STORED DATA -

•••••

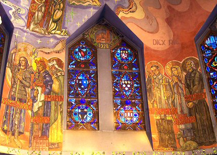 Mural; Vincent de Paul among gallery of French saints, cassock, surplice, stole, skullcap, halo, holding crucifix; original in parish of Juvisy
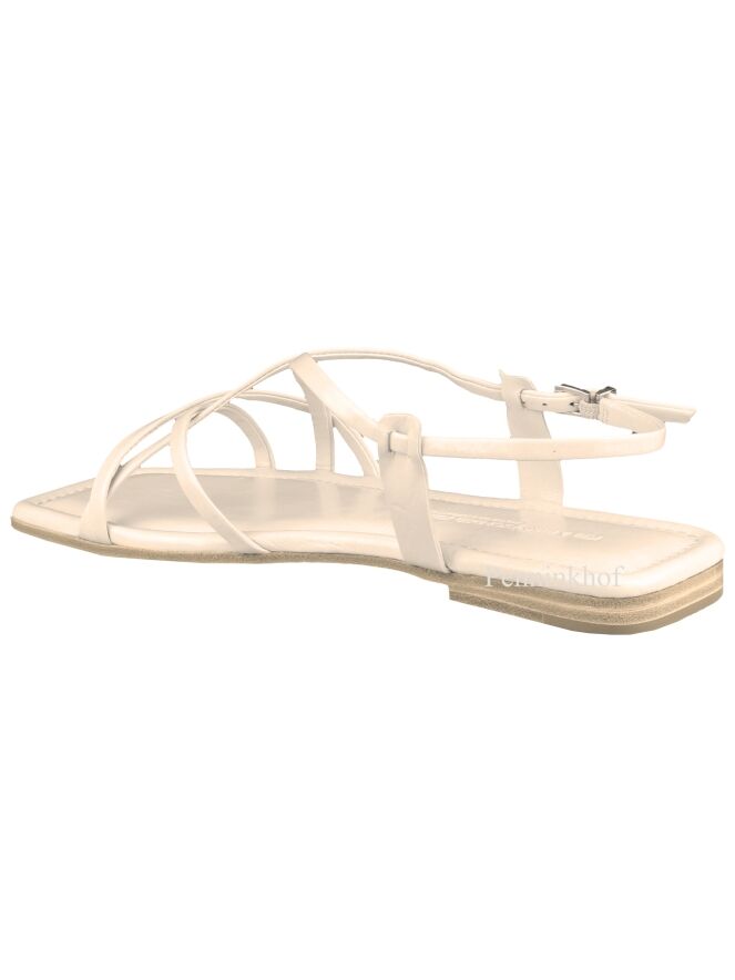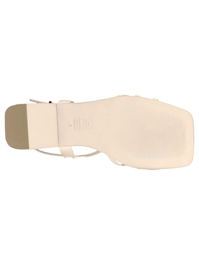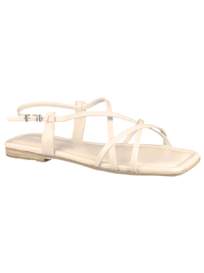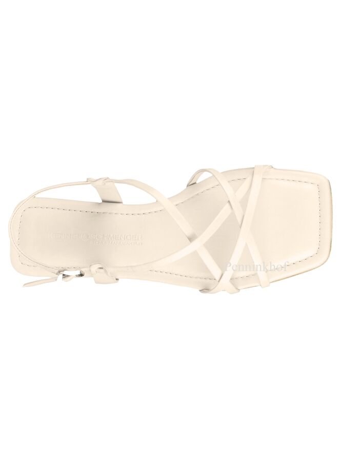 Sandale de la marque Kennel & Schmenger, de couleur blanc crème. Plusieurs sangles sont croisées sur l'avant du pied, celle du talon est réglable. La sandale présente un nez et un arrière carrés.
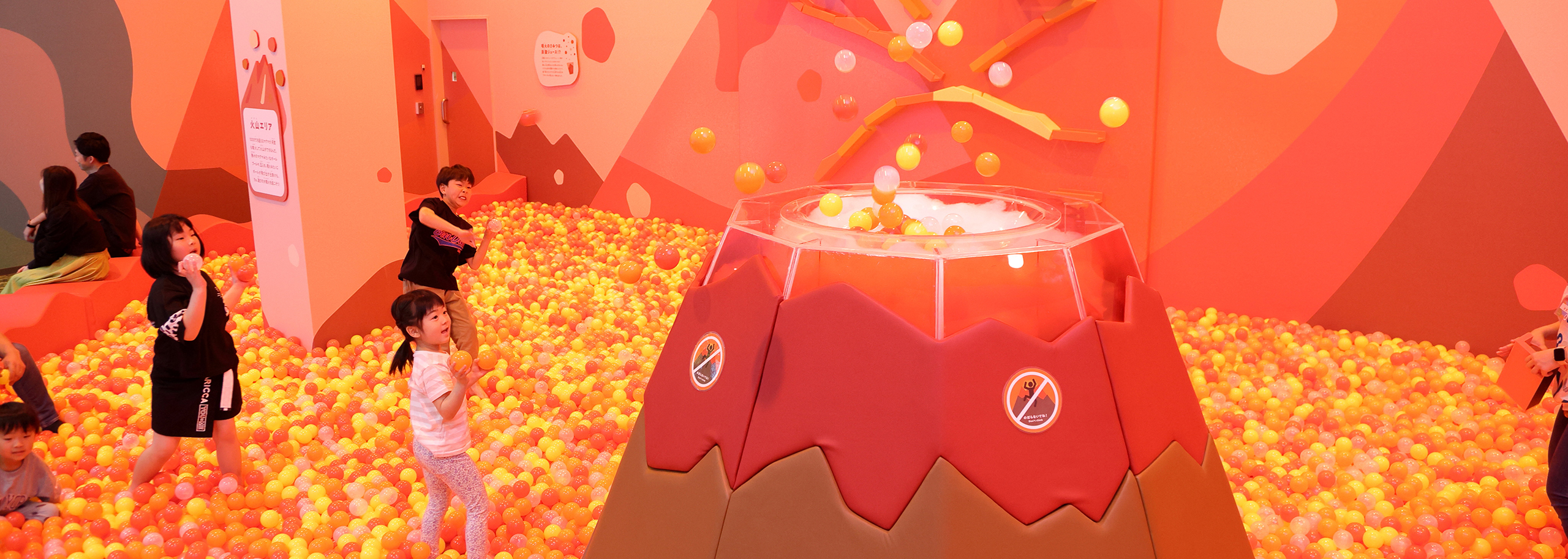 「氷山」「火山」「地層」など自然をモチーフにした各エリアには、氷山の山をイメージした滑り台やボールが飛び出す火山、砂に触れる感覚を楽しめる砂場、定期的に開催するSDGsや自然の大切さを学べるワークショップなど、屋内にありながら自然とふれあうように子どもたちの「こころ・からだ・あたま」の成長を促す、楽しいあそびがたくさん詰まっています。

•••••

ASSIGNMENT -
Only the lines between the one containing "Sandale de la" and the last line of the listing above, both included, should be written out, exactly and without pictures.

EXERCISE OUTPUT -
 Sandale de la marque Kennel & Schmenger, de couleur blanc crème. Plusieurs sangles sont croisées sur l'avant du pied, celle du talon est réglable. La sandale présente un nez et un arrière carrés.
 「氷山」「火山」「地層」など自然をモチーフにした各エリアには、氷山の山をイメージした滑り台やボールが飛び出す火山、砂に触れる感覚を楽しめる砂場、定期的に開催するSDGsや自然の大切さを学べるワークショップなど、屋内にありながら自然とふれあうように子どもたちの「こころ・からだ・あたま」の成長を促す、楽しいあそびがたくさん詰まっています。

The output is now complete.